Would you retype exactly the lines from the one holding "- Connect the" through the last line of the listing, and only those, without pictures?

(Beginning of Recorded data)

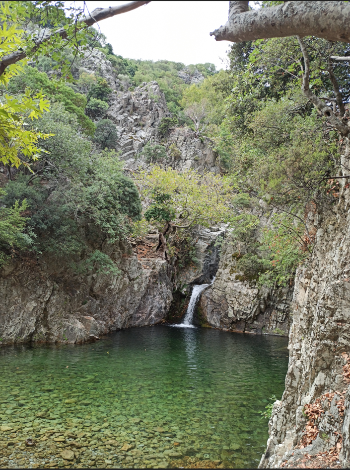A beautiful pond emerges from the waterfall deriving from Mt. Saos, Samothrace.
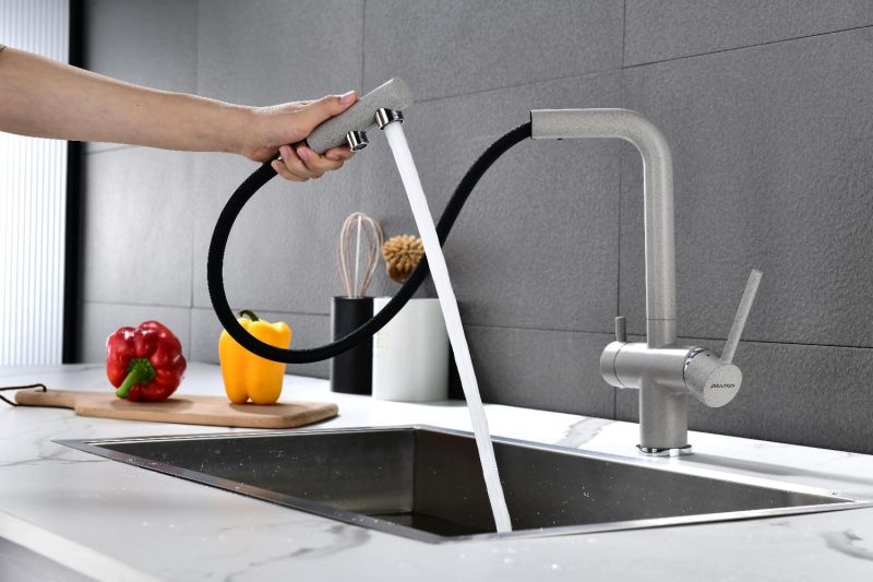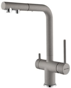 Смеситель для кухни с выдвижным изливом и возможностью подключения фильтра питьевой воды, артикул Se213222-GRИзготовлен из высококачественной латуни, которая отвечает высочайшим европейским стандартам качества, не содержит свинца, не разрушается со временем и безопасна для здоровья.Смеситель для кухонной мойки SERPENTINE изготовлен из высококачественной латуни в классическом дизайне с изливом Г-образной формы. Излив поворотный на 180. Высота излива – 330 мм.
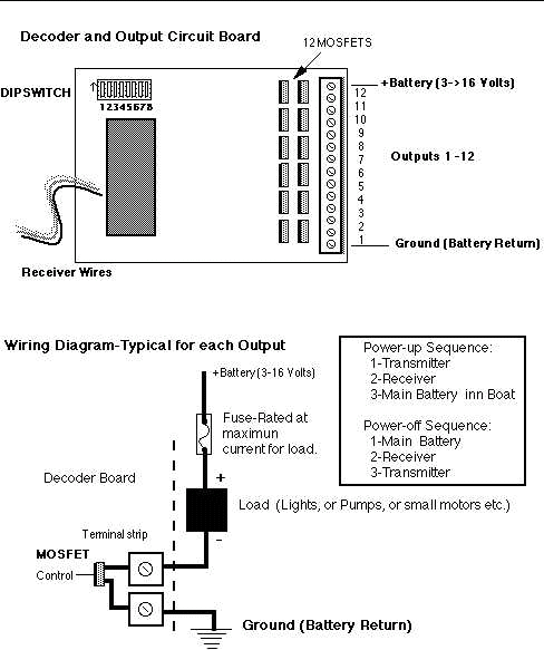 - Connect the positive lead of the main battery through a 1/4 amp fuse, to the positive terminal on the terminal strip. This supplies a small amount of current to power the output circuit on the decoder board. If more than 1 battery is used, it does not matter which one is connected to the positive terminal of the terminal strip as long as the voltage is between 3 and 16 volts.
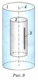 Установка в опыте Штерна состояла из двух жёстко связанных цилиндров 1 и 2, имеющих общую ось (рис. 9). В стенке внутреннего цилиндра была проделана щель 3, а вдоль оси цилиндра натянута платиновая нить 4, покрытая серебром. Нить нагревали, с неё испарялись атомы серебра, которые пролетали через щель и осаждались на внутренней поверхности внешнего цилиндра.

(End of Recorded data)

Response to this exercise |
 - Connect the positive lead of the main battery through a 1/4 amp fuse, to the positive terminal on the terminal strip. This supplies a small amount of current to power the output circuit on the decoder board. If more than 1 battery is used, it does not matter which one is connected to the positive terminal of the terminal strip as long as the voltage is between 3 and 16 volts.
 Установка в опыте Штерна состояла из двух жёстко связанных цилиндров 1 и 2, имеющих общую ось (рис. 9). В стенке внутреннего цилиндра была проделана щель 3, а вдоль оси цилиндра натянута платиновая нить 4, покрытая серебром. Нить нагревали, с неё испарялись атомы серебра, которые пролетали через щель и осаждались на внутренней поверхности внешнего цилиндра.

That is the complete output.